A warning is necessary -- remaining silent about this bug is not that user-friendly…
Comment 13 geminiimatt 2015-05-10 17:19:45 UTC 
I agree with CFP@public-files.de & sajolida. regardless of how this bug should be described. this should be fixed for the sake of user privacy / safety. 

Perhaps another solution is to automatically set a local queue folder for all users with imap on & encryption on. if one is not set then force the user to set one.
this could happen on compose of new message.

just looking at it quickly perhapsin compose.c at 6092 something like...

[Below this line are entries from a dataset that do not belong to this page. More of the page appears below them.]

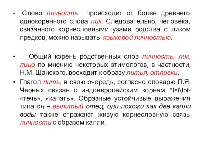 Слайд 30 Слово личность происходит от более древнего однокоренного слова лик. Следовательно,
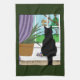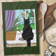 Black Cat Looking Out Window Tea Towel
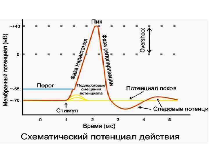 спайк Овершут полная деполяризация реполяризация следовая деполяризация Порог мембранный потенциал покоя следовая гиперполяризация

if (compose->privacy_system && compose->use_encryption) {
 queue = "#mh/Mailbox/queue"
 alertpanel_error(_("Using local queue '#mh/Mailbox/queue' for encrypted email:\n\n"), privacy_get_error());
}

thoughts?
Comment 14 Andrej Kacian 2015-06-18 09:28:39 UTC 
Created attachment 1516 [details]
Do not write unencrypted message to queue

Attached patch should solve the underlying issue, by writing only encrypted message to queue. Please give it a try.

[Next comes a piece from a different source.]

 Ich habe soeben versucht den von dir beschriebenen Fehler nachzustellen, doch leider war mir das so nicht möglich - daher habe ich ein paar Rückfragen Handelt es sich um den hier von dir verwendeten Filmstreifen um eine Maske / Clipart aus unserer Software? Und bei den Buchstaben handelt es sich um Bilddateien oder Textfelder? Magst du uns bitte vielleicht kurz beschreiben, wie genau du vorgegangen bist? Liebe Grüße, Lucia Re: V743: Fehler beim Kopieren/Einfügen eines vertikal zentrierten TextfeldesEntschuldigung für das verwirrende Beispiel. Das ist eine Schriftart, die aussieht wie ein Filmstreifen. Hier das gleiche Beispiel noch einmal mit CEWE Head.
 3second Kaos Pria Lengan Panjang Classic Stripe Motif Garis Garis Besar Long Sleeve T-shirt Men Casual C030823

Note that it is still work in progress, some additional error checking needs to be done, but functionality is all there.
Comment 15 Andrej Kacian 2015-06-19 14:54:08 UTC 
*** Bug 2661 has been marked as a duplicate of this bug. ***
Comment 16 users 2015-06-25 13:03:02 UTC 
Changes related to this bug have been committed.
Please check latest Git and update the bug accordingly.
You can also get the patch from:
http://git.claws-mail.org/

++ ChangeLog	2015-06-25 13:03:02.266979122 +0200
http://git.claws-mail.org/?p=claws.git;a=commitdiff;h=cdc54884e627d79300efb791a34628f0c211f96d
Merge: ea2993d 4e7e4f9
Author: Colin Leroy <colin@colino.net>
Date:   Thu Jun 25 13:03:01 2015 +0200

    Merge branch 'master' of file:///home/git/claws

http://git.claws-mail.org/?p=claws.git;a=commitdiff;h=4e7e4f922c52439c1212cd1de813a0a9ca9d3691
Author: Andrej Kacian <ticho@claws-mail.org>
Date:   Sun Jun 21 22:22:12 2015 +0200

    Remove plaintext_file member of struct MsgInfo.
    
    It is no longer needed, as we no longer write unencrypted
    version of an encrypted message anywhere.

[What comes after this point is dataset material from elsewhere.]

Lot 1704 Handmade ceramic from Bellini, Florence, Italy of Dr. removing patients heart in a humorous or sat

http://git.claws-mail.org/?p=claws.git;a=commitdiff;h=a7c02553954b694238e1dd4422614923083b809c
Author: Andrej Kacian <ticho@claws-mail.org>
Date:   Thu Jun 18 13:07:47 2015 +0200

    Encrypt message just before writing it to queue dir.
    
    This fixes bug #2965.
    As a side effect, if "Save sent encrypted messages as clear text" is
    enabled, a copy will be saved to outbox when queuing, not when sending.